▶ [Assigned task] In the material below, please retype the lines from the very first through the one with "While trimming one", exactly and without pictures.

Start of Block

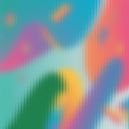 Soft abstract shapes in teal, orange, pink, and blue with vertical lines. Clear details and vibra...
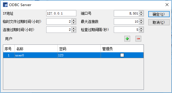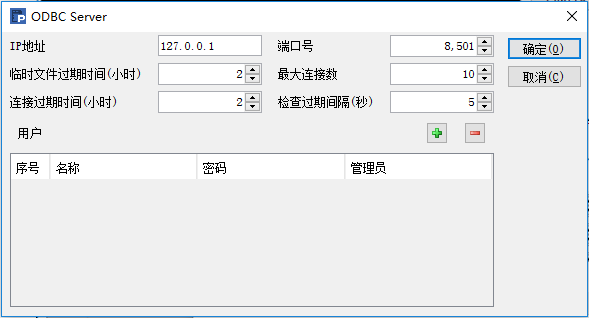 在上方可以配置ODBC服务的端口、临时文件超时时间、最大连接数、连接超时时间、检测间隔等。在中间部分可以执行ODBC服务的用户管理,设置允许访问的用户名和密码。例如配置如下:
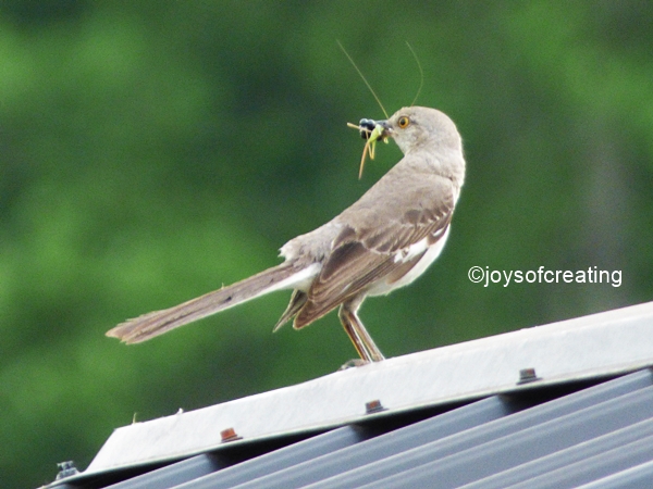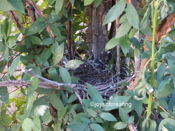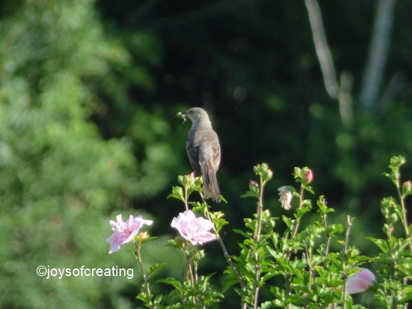 While trimming one of our snowball bushes, my husband found a nest of wee mockingbirdies. They were so cute.
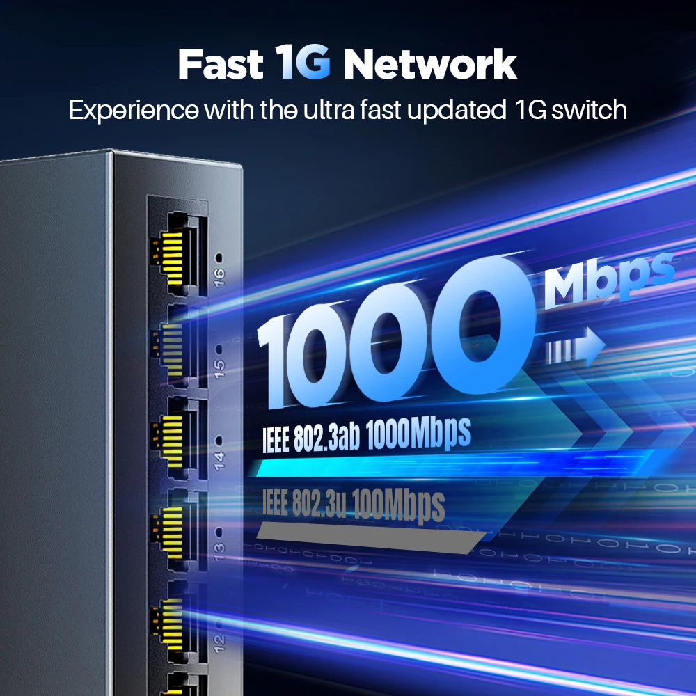 The 16-port Gigabit Ethernet switch adopts high-quality and high-speed network ICs, and this product completely solves the problem of noise of small switches in the office environment through the fanless mute design. This switch has 16 Gigabit RJ45 ports, can provide seamless connection for 10/100/1000M Ethernet, easy to manage and maintain, the product can be widely used in Security network video surveillance, hotel, campus, small and medium-sized enterprise network engineering and other occasions.
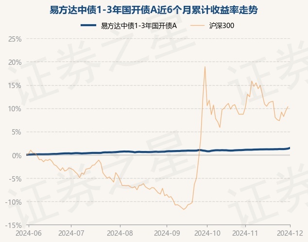 证券之星消息,12月2日,易方达中债1-3年国开债A最新单位净值为1.0124元,累计净值为1.1814元,较前一交易日上涨0.15%。历史数据显示该基金近1个月上涨0.4%,近3个月上涨0.72%,近6个月上涨1.48%,近1年上涨3.88%。该基金近6个月的累计收益率走势如下图:
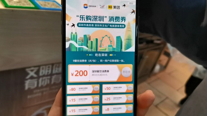 深圳自“五一”起,通过美团、京东等平台陆续发放5亿元消费券,涉及购物、餐饮、文体旅游、数字人民币红包等方面。(美团 供图)
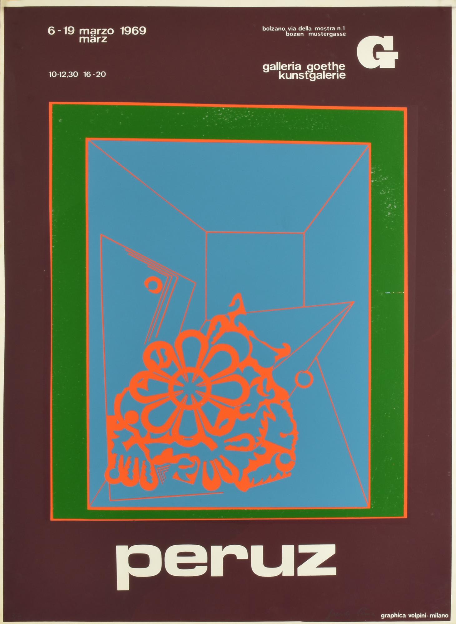 realizzato da grafica Volpini, Milano per la mostra 'Peruz' tenutasi alla Galleria Goethe di bolzano nel marzo 1969.
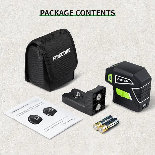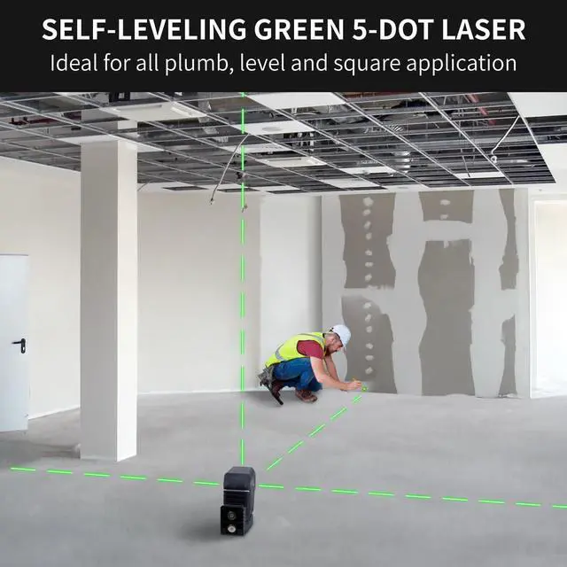 PRODUCT SPECIFICATIONS: F501G self-leveling 5 dot laser works on 2 "AA" alkaline batteries (included) and has a continuous battery life of 4 hours. It has IP54 dust/water resistant construction for convenient indoor and outdoor work
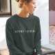 Um suéter de Natal moderno na moda, com uma tipografia ousada, que diz "Feliz + Brilho", em branco, com uma cor verde de floresta escura. A saudação pode ser facilmente personalizada para um toque pessoal. Um design de natal moderalista e contemporâneo para sair dessa temporada de festas! #natristmas #merryandbright

End of Block

▶ [Result for this task]
 Soft abstract shapes in teal, orange, pink, and blue with vertical lines. Clear details and vibra...
 在上方可以配置ODBC服务的端口、临时文件超时时间、最大连接数、连接超时时间、检测间隔等。在中间部分可以执行ODBC服务的用户管理,设置允许访问的用户名和密码。例如配置如下:
 While trimming one of our snowball bushes, my husband found a nest of wee mockingbirdies. They were so cute.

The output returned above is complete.